Canines from southern Canada were crossed with Inuit dogs. Many Inuit people stopped hunting and abandoned their teams, but it was the introduction of the snowmobile that caused the canine population in the north to decline rapidly.

Dog power was no competition for these speedy new machines. Before European contact, in the central region of the Arctic and along the east coast, Inuit families kept an average of two to five dogs. Each canine ate as much as a person, and the same food. So the snowmobile was attractive to the Inuit when it first arrived: it was fast and wasn’t fueled by seal meat. But there were downsides.

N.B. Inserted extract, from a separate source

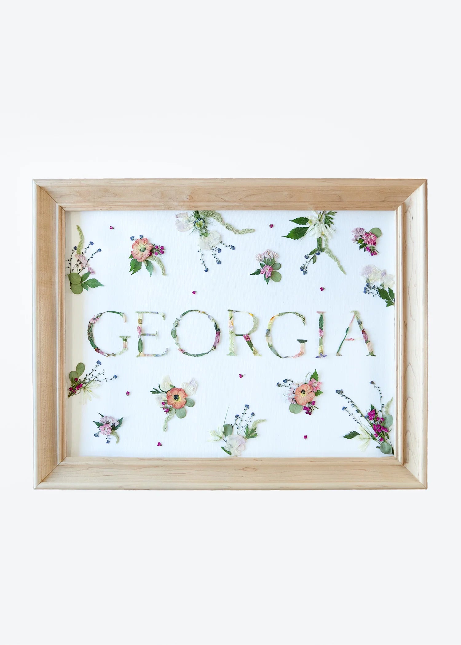 Looking for further customizations that require in-depth design or size? Pressed Floral is dedicated to making your frame yours. For additional costs, custom names, initials, or frame dimensions for longer stems are available. Any specifications will be honored to the best of our ability and within our parameters. For any questions regarding name design, or custom frame dimensions, [email protected].

“With snow machines, they can get to the flow edge in half an hour, unless they get lost,” Montcombroux says. “Well, dogs always come home. The snow machine doesn’t know how to come home, even with a GPS unit, and it can break down.”

William Carpenter, a biologist with the government of the Northwest Territories, says that the Canadian Inuit dog population went from an estimated 20,000 canines in the 1920s to fewer than 200 by the 1970s.

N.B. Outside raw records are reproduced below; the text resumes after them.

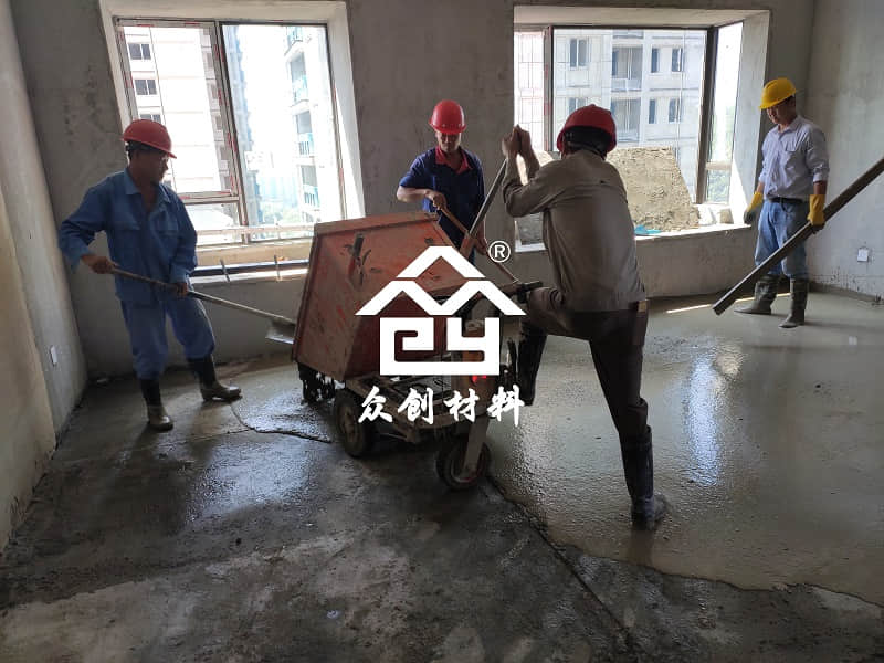 眾創材料入駐慈溪江濱之城厚水泥基自流平施工現場報道
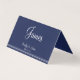 Blue and white nautical wedding folded place setting cards (horizontal tent) with white text printed on navy blue background. Dimensions of the cards are 2 inches x 3.5 inches (folded) and 4 inches by 3.5 inches (unfolded).
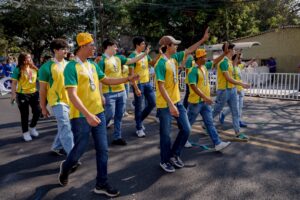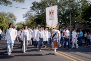 El desfile universitario inició con el bloque histórico, a cargo de estudiantes del Bachillerato 3, quienes portaron con solemnidad el Pabellón Institucional, el Pendón Universitario, los estandartes del 85 aniversario y una galería de fotografías que narran la evolución de la institución desde su fundación como Universidad Popular de Colima en 1940.
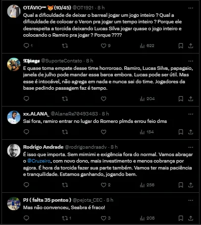 Cruzeirenses comentam jogo nas redes sociais

As a witness to their decline, Carpenter felt he had to do something to save Canada’s only remaining purebred indigenous dog. Along with John McGrath, a government economic development officer, Carpenter established the Eskimo Dog Research Foundation in 1974.


“It totally consumed my life, my family, my time, my energies, and all my life resources,” Carpenter says. “I did the work simply because it needed doing.”

By 1976, the breeding program had thirty dogs and a few years later, 250 canines had been given to Inuit wanting to return to their traditional Arctic lifestyle. Other dogs were given to prospecting and mining camps to protect workers from polar bear attacks. 

The thick, muscular Inuit dogs are exuberant and friendly, but they have an aggressive side as well. They like to fight. The pack is organized much like that of wolves, with an alpha male, or boss dog, and an alpha female. After that, the dogs take their places in the chain of command.

“And to get their place, they have to fight,” Montcombroux says. 

The dogs attack each other’s thick manes, biting the neck and trying to overturn their opponent. The boss dog is normally a combination of the oldest, strongest, and most cunning, and wins the position by defeating the other dogs.

Their combative nature makes the breed unsuitable as house pets, and the fact that they’d rather be outdoors even when it’s -32 F, which is beach weather to these hardy dogs.

“It’s like Florida for them,” Montcombroux says.
By the mid-1980s, Carpenter’s canine program was facing funding difficulties. So Montcombroux got involved. She and Michael were moving south to Winnipeg, Manitoba, and decided to take a pair of dogs to the city with them. 

The couple bought 640 acres of forested land north of Winnipeg and, in 1988, they began breeding the dogs. That year, Montcombroux started an organization called Friends of the Inuit Dogs and put out a newsletter to network with breeders and others interested in the unique canines.

In 1997, she met Sue Hamilton, who had brought three Canadian Inuit dogs from the Arctic back to her Connecticut home. Hamilton, along with Montcombroux, formed Inuit Sled Dog International (inuitsleddoginternational.com) and Hamilton became editor of the Fan Hitch journal. 

They never saw their involvement as dictating the direction the breed should lead.


“I see my involvement as being a resource for others, a way to put people in touch with each other and a cheerleader of sorts for those in the Arctic who might want to keep traditional working Inuit sled dogs,” Hamilton says.

There are now a number of established breeding programs in the Arctic and Montcombroux feels that the Canadian Inuit dog is no longer in danger of extinction. After 30 litters, with an average of four to eight puppies, Montcombroux feels she has done her job.

“I had felt that although we were in the south and we weren’t Inuit, if we kept the numbers of purebred dogs up, one day the Inuit would become interested again,” she says. “I think the dogs led me on a very interesting path and if I made a difference, all the better, and I just wouldn’t do it any differently.”